DATA RECORDS
----------

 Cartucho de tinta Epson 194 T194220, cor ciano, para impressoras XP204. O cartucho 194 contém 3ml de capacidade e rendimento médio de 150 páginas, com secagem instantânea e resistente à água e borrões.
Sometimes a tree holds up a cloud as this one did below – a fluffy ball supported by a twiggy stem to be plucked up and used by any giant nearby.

----------

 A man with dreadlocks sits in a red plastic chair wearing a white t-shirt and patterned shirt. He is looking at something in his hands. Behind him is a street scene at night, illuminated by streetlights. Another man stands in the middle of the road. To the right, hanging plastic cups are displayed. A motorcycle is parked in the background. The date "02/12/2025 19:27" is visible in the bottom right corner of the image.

----------

INSTRUCTIONS TO FOLLOW
Print the lines above from the one with "Cartucho de tinta" through the one with "Sometimes a tree", both included, exactly as written and nothing more.

OUTPUT FOR THIS EXERCISE
 Cartucho de tinta Epson 194 T194220, cor ciano, para impressoras XP204. O cartucho 194 contém 3ml de capacidade e rendimento médio de 150 páginas, com secagem instantânea e resistente à água e borrões.
Sometimes a tree holds up a cloud as this one did below – a fluffy ball supported by a twiggy stem to be plucked up and used by any giant nearby.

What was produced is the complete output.